Charming medieval prose poems

When I woke up in the morning of September, the wind slipped in from the window, which has quietly faded the heat of summer and contained the coolness of early autumn. The wife pulled out a corner of the quilt, looked at the time, and it was still a little early, so she turned around and continued to rest. And I seem to be marked by the clock, wake up on time, no longer sleepy. So, wearing a long-sleeved coat, I stood in front of the living room window and looked out safely. The faint fog is scattered in the whole time and space, which is not very real, but I don't want to see it so clearly anymore. Most of the activities outside are peers or elders like me. They have their own goals and directions. They walk slowly, with less energy and more stability. I feel confident when I see an acquaintance laughing first, and my tone is full of warmth. Politeness and greetings are from the heart, and I even stop to talk seriously, which makes me less hurried and more calm.

Swing away is spring, falling is autumn, and the journey of the four seasons has passed more than half. At the moment of 20 17, we will never ask the meaning of seeds again. All seeds scattered in the soil will be affectionately called by wind, rain and sunshine as long as they are not dug up by naughty wild ducks and pheasants; In the days of 20 17, we no longer deliberately explore how life continues. It seems that all plants, animals and people are not growing smoothly, and some twists and turns are natural. Angry thoughts don't help this and don't need much comfort and understanding. They just keep moving forward. In 20 17 years, I can't smell the rich grass smell anymore. Father asked me to pull weeds in the field and hold them in my hand. The juice dyed my palm green. My father bent down, still harvesting the fruits that belonged to him. Behind me, I was a little wet. I have no right to deprive him of his freedom to work, even though he is over 70 years old, just as I have never given up my love for this land. Only in middle age can we deeply understand what is land and what is root.

My friend said I was old. I retorted in surprise, but I regretted it after I refuted it. I feel like a cow. Forage stored forty years ago is now ruminating. Little by little, don't worry. I will wash my hands, pick some tea leaves, put them in the teapot, boil water, and slowly blend in with the tea leaves. With hot spring water, I can activate the fragrance buried in the depths of tea and release it slowly, while I squint for the fragrant tea. The heat is coming up. Take a sip and let the warmth and fragrance moisten the plain life. I can stare at the yellowed leaf and let the wind take away the cyan in my life, but there is no impatience and anxiety. I wake up spring, dress up summer and decorate early autumn. A leaf is also a vivid interpretation of colorful life, not to mention that we are human beings.

Walking on 20 17, in this early autumn season, I met a middle-aged me. I have time to think about many things that I neglected before, whether it is HTC or small, whether it is simple or complex. Just like a tree, it looks wider and farther after it grows taller while increasing wrinkles. Whether it is sunrise or sunset, it is not a simple beginning and end, but just two knots in a complete cycle. Where the starting point is, it can be counted as the end point. Like day and night. If you grew up in a daze, even during the day, how far can you see? And the silence of the night, how much glitz and noise are isolated, let us see the eternal future more clearly through the thick curtain.
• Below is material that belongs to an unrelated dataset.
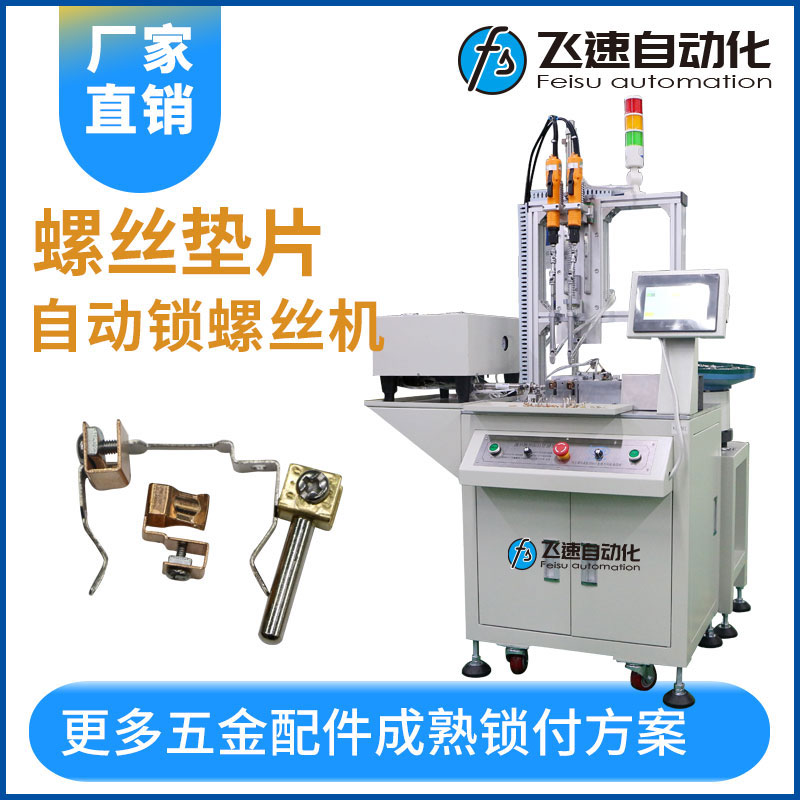 • 產品簡介: 螺絲墊片自動擰螺絲機實現將墊片套置在螺絲根部的加工目的,組合后墊片與螺絲不易松脫,組合效果好,操作十分簡單,只需一名人工輕松操作,大大降低了人工成本,實現了自動化生產,提高生產產量效果。 在緊固螺絲都會和墊片一起配合使用,人工手動把螺絲穿過墊片再擰緊,在短時間內對需求量大的穿好螺絲墊片無法達到效果,裝配螺絲墊片的方式就會降低了效率,無法滿足生產商的需求。 所以為了克服螺絲墊片人工手動裝配效率低,成本高的缺陷,廠家往往會考慮到生產效率,成本以及產品質量等因素會選擇一款自動化組裝螺絲墊片的自動擰螺絲機器。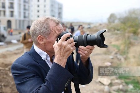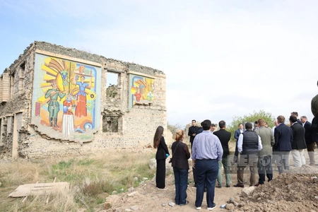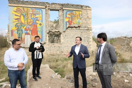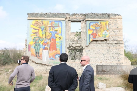 According to a Report correspondent, the guests were able to witness firsthand the Armenian vandalism and the ongoing restoration work in the city.

Early autumn intoxicated my middle age. Like a pool of wine, my father is full of the grains he planted and harvested, my mother is adding her endless love notes, and then fermenting with my youth. The high temperature, expansion, pain and heat are all rising. Finally, the light autumn season of opening wine cellar is ushered in today. The sky is high and the clouds are light, and the autumn wind is cool, so the wine is scattered in the vast world. After work, I invited one or two friends, two dishes of side dishes, peanuts grown in my yard, cucumbers on vines, and some bean paste made by my mother. From greeting the body, occasionally chatting a few words, until now, even laughing, facing the sky is relatively quietly replaced by four eyes.

In early autumn, the weather is tepid. Less indulgence, more smiles; Less wind and fire, more prevention; Less fame and fortune, more laughter. Facing the materialistic moment, I put more thoughts into a peaceful and deep book, trying to leave an impression on myself and my children on the journey of life.

In early autumn, I was lucky enough to meet my middle-aged self.